# [Brief]
Pictures are to be omitted; everything else in the data must be transcribed exactly.

# [Input data]
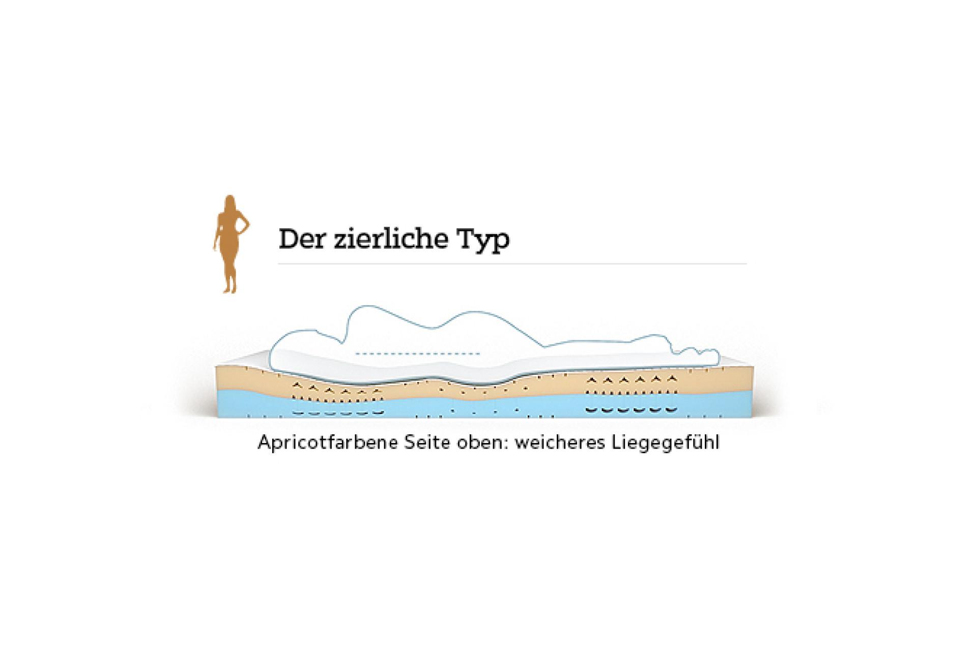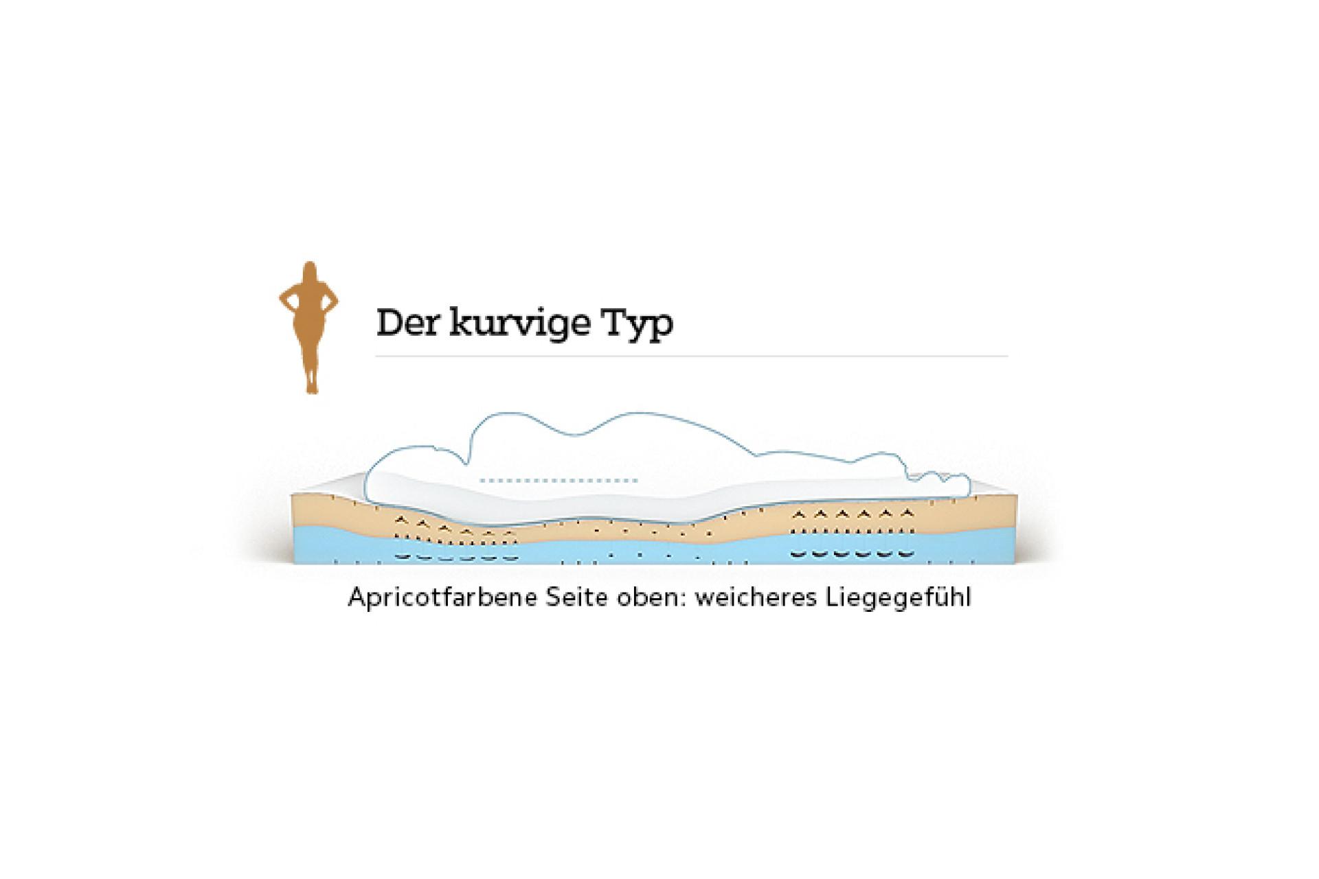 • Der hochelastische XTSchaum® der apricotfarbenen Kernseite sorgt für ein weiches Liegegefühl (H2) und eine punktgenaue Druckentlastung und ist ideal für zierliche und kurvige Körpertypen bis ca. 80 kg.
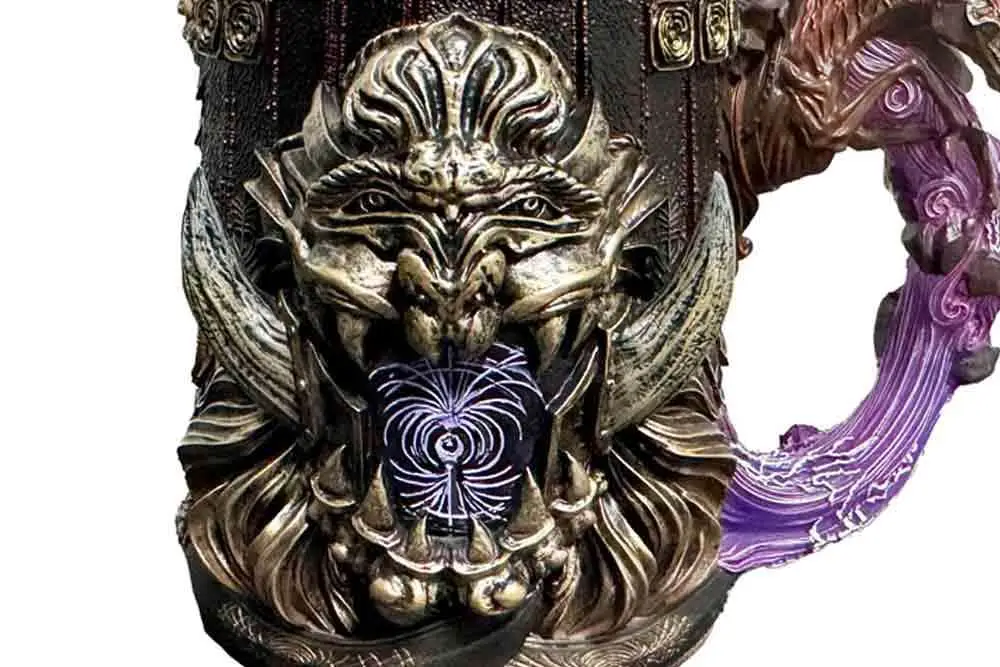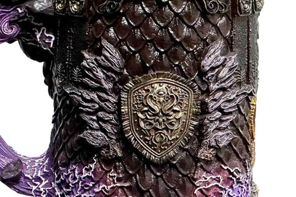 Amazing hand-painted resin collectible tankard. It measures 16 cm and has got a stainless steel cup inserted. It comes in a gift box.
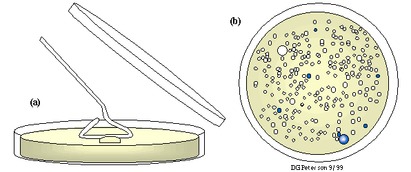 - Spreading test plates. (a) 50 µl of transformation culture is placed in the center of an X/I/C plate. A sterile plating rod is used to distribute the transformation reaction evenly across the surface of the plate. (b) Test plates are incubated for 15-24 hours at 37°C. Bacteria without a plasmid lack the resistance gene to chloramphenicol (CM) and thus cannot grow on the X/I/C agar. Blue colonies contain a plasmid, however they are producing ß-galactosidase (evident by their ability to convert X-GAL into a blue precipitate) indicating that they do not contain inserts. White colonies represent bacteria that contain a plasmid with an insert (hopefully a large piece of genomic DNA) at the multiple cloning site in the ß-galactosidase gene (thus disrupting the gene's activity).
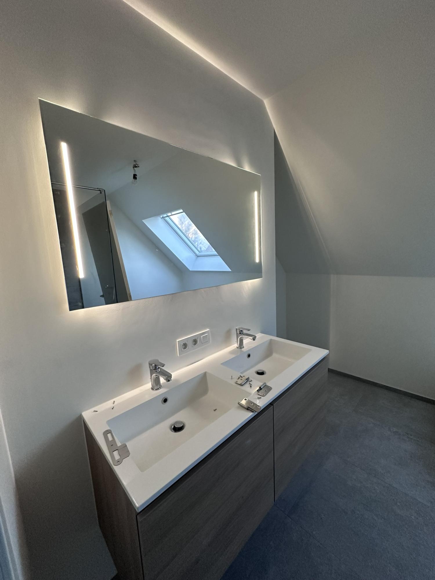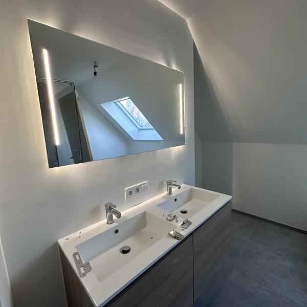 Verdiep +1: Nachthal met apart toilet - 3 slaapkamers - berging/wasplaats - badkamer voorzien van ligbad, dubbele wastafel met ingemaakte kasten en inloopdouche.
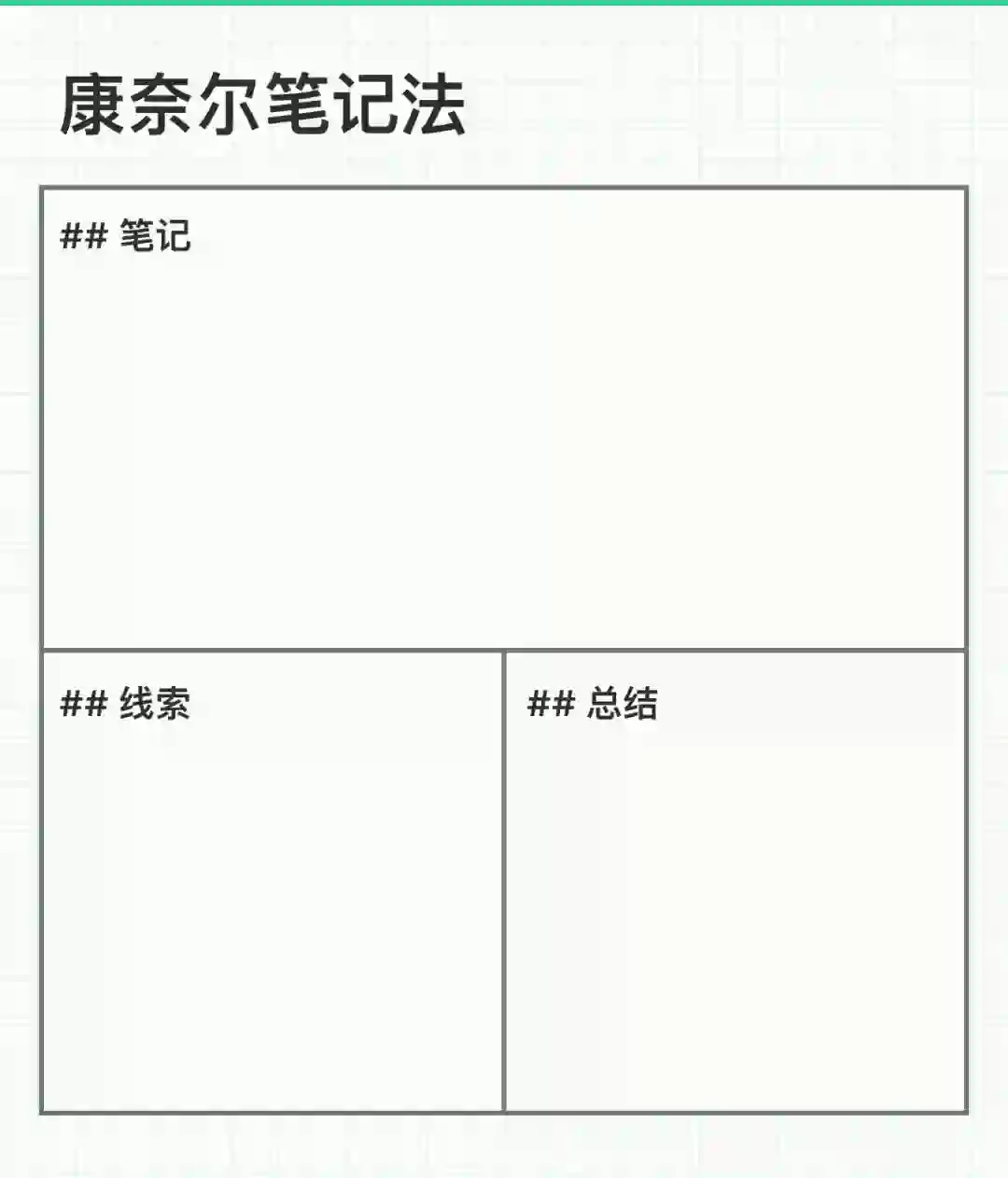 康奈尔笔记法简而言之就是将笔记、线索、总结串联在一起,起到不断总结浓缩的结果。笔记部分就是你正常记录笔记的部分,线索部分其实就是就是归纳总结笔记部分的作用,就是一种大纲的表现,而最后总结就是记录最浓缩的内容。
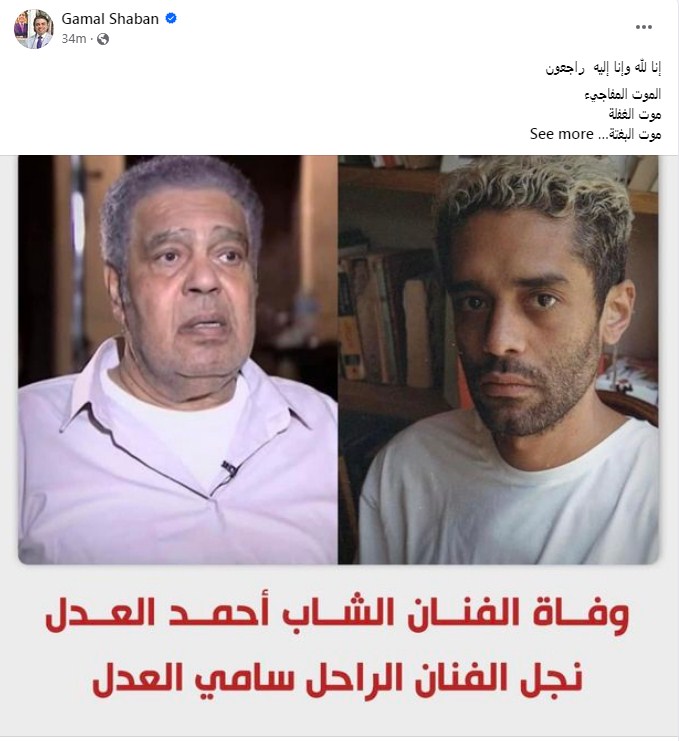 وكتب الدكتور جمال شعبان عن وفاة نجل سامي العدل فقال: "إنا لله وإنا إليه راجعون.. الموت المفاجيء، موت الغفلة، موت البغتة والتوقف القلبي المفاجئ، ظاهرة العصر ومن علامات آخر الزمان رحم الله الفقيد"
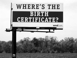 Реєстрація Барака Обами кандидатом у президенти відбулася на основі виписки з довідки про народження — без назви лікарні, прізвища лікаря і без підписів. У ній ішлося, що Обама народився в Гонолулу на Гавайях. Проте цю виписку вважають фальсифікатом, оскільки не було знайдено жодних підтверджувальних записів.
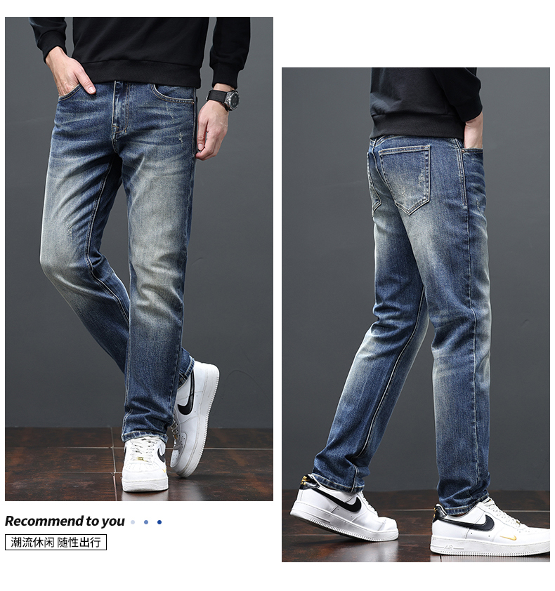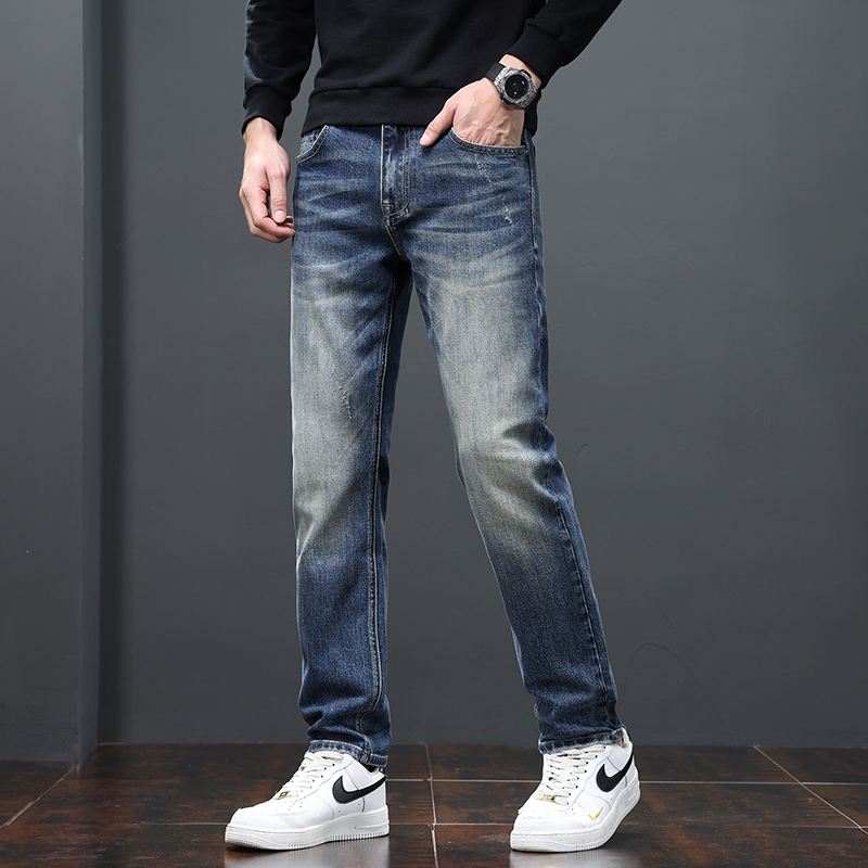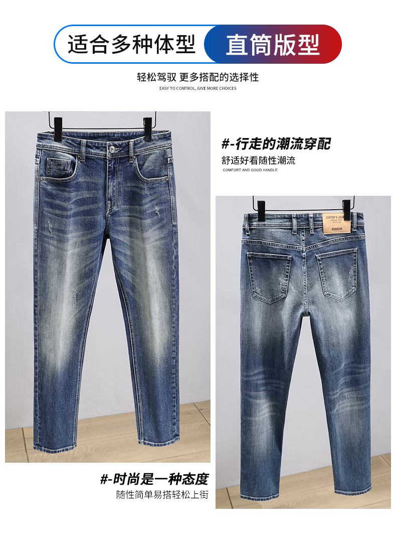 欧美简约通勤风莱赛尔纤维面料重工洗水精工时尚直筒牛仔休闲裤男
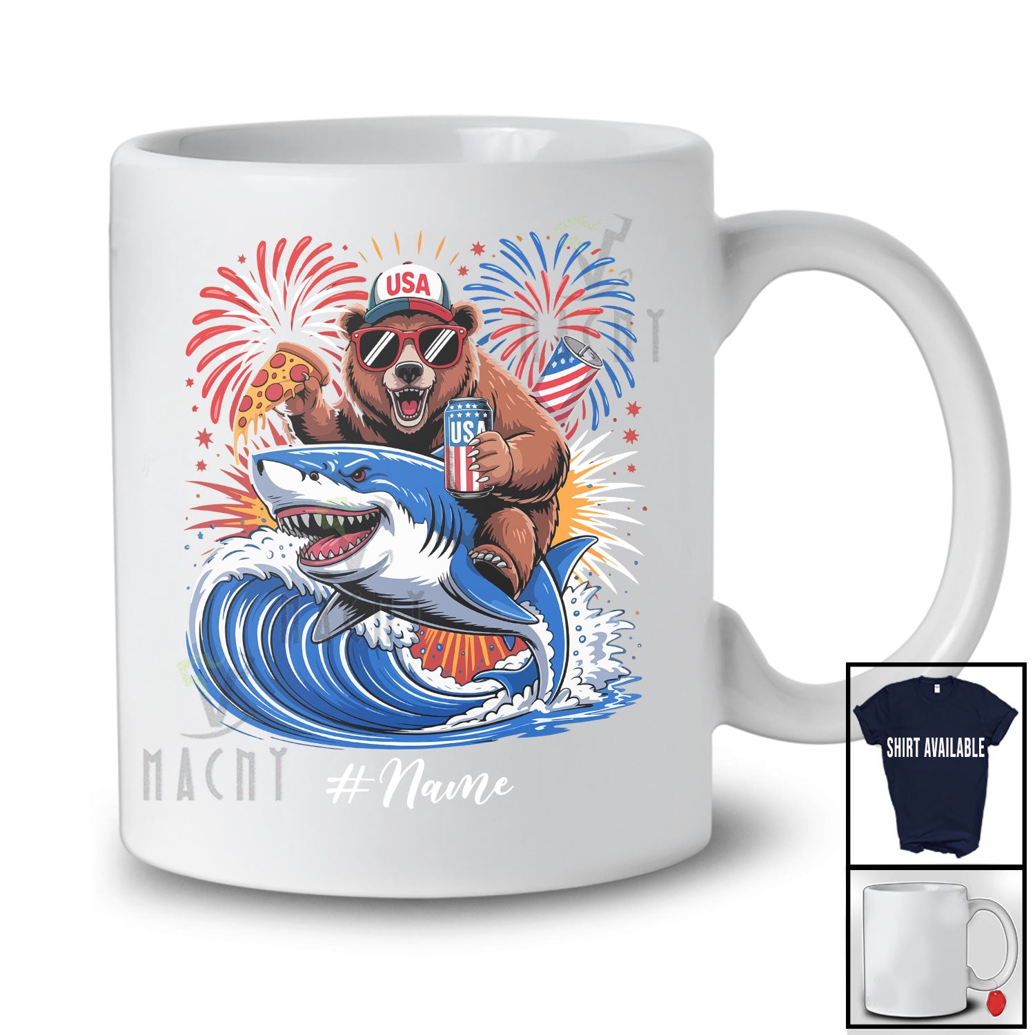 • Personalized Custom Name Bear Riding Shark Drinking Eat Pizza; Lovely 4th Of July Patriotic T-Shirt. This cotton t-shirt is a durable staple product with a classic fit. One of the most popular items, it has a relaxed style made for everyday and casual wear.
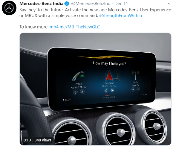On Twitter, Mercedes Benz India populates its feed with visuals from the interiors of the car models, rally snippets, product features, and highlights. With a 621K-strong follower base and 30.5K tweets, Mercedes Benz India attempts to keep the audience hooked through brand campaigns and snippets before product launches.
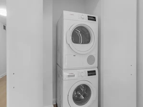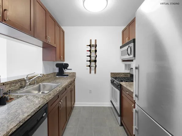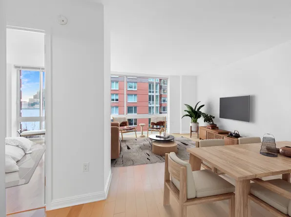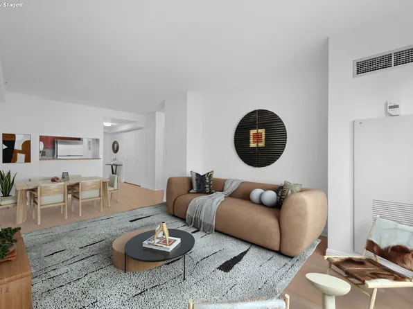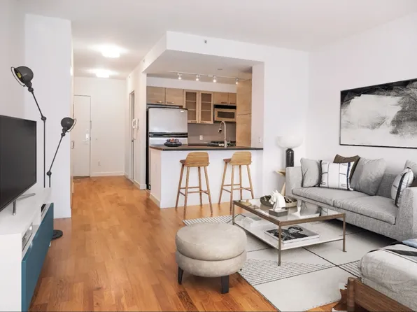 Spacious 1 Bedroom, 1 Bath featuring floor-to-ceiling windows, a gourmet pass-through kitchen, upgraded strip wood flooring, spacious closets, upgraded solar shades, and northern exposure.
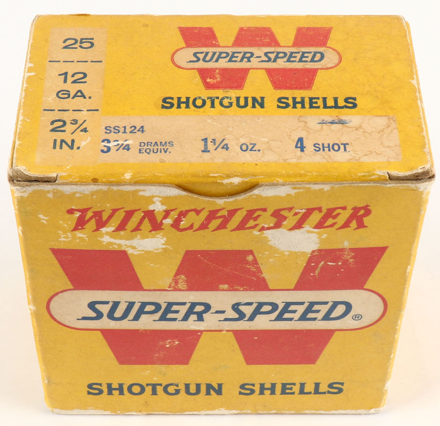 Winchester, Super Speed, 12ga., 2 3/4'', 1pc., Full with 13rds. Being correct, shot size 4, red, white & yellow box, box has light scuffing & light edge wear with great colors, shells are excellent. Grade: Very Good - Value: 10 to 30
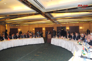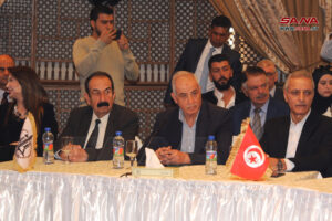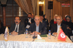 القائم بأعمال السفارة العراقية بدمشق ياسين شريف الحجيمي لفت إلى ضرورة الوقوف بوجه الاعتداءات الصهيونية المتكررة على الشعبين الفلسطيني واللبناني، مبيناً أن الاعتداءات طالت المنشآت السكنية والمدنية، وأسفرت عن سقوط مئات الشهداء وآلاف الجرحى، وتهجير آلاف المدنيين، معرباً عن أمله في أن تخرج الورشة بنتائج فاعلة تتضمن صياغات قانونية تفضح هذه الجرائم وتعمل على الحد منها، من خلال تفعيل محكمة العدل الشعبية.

# [Final answer]
 • Der hochelastische XTSchaum® der apricotfarbenen Kernseite sorgt für ein weiches Liegegefühl (H2) und eine punktgenaue Druckentlastung und ist ideal für zierliche und kurvige Körpertypen bis ca. 80 kg.
 Amazing hand-painted resin collectible tankard. It measures 16 cm and has got a stainless steel cup inserted. It comes in a gift box.
 - Spreading test plates. (a) 50 µl of transformation culture is placed in the center of an X/I/C plate. A sterile plating rod is used to distribute the transformation reaction evenly across the surface of the plate. (b) Test plates are incubated for 15-24 hours at 37°C. Bacteria without a plasmid lack the resistance gene to chloramphenicol (CM) and thus cannot grow on the X/I/C agar. Blue colonies contain a plasmid, however they are producing ß-galactosidase (evident by their ability to convert X-GAL into a blue precipitate) indicating that they do not contain inserts. White colonies represent bacteria that contain a plasmid with an insert (hopefully a large piece of genomic DNA) at the multiple cloning site in the ß-galactosidase gene (thus disrupting the gene's activity).
 Verdiep +1: Nachthal met apart toilet - 3 slaapkamers - berging/wasplaats - badkamer voorzien van ligbad, dubbele wastafel met ingemaakte kasten en inloopdouche.
 康奈尔笔记法简而言之就是将笔记、线索、总结串联在一起,起到不断总结浓缩的结果。笔记部分就是你正常记录笔记的部分,线索部分其实就是就是归纳总结笔记部分的作用,就是一种大纲的表现,而最后总结就是记录最浓缩的内容。
 وكتب الدكتور جمال شعبان عن وفاة نجل سامي العدل فقال: "إنا لله وإنا إليه راجعون.. الموت المفاجيء، موت الغفلة، موت البغتة والتوقف القلبي المفاجئ، ظاهرة العصر ومن علامات آخر الزمان رحم الله الفقيد"
 Реєстрація Барака Обами кандидатом у президенти відбулася на основі виписки з довідки про народження — без назви лікарні, прізвища лікаря і без підписів. У ній ішлося, що Обама народився в Гонолулу на Гавайях. Проте цю виписку вважають фальсифікатом, оскільки не було знайдено жодних підтверджувальних записів.
 欧美简约通勤风莱赛尔纤维面料重工洗水精工时尚直筒牛仔休闲裤男
 • Personalized Custom Name Bear Riding Shark Drinking Eat Pizza; Lovely 4th Of July Patriotic T-Shirt. This cotton t-shirt is a durable staple product with a classic fit. One of the most popular items, it has a relaxed style made for everyday and casual wear.
On Twitter, Mercedes Benz India populates its feed with visuals from the interiors of the car models, rally snippets, product features, and highlights. With a 621K-strong follower base and 30.5K tweets, Mercedes Benz India attempts to keep the audience hooked through brand campaigns and snippets before product launches.
 Spacious 1 Bedroom, 1 Bath featuring floor-to-ceiling windows, a gourmet pass-through kitchen, upgraded strip wood flooring, spacious closets, upgraded solar shades, and northern exposure.
 Winchester, Super Speed, 12ga., 2 3/4'', 1pc., Full with 13rds. Being correct, shot size 4, red, white & yellow box, box has light scuffing & light edge wear with great colors, shells are excellent. Grade: Very Good - Value: 10 to 30
 القائم بأعمال السفارة العراقية بدمشق ياسين شريف الحجيمي لفت إلى ضرورة الوقوف بوجه الاعتداءات الصهيونية المتكررة على الشعبين الفلسطيني واللبناني، مبيناً أن الاعتداءات طالت المنشآت السكنية والمدنية، وأسفرت عن سقوط مئات الشهداء وآلاف الجرحى، وتهجير آلاف المدنيين، معرباً عن أمله في أن تخرج الورشة بنتائج فاعلة تتضمن صياغات قانونية تفضح هذه الجرائم وتعمل على الحد منها، من خلال تفعيل محكمة العدل الشعبية.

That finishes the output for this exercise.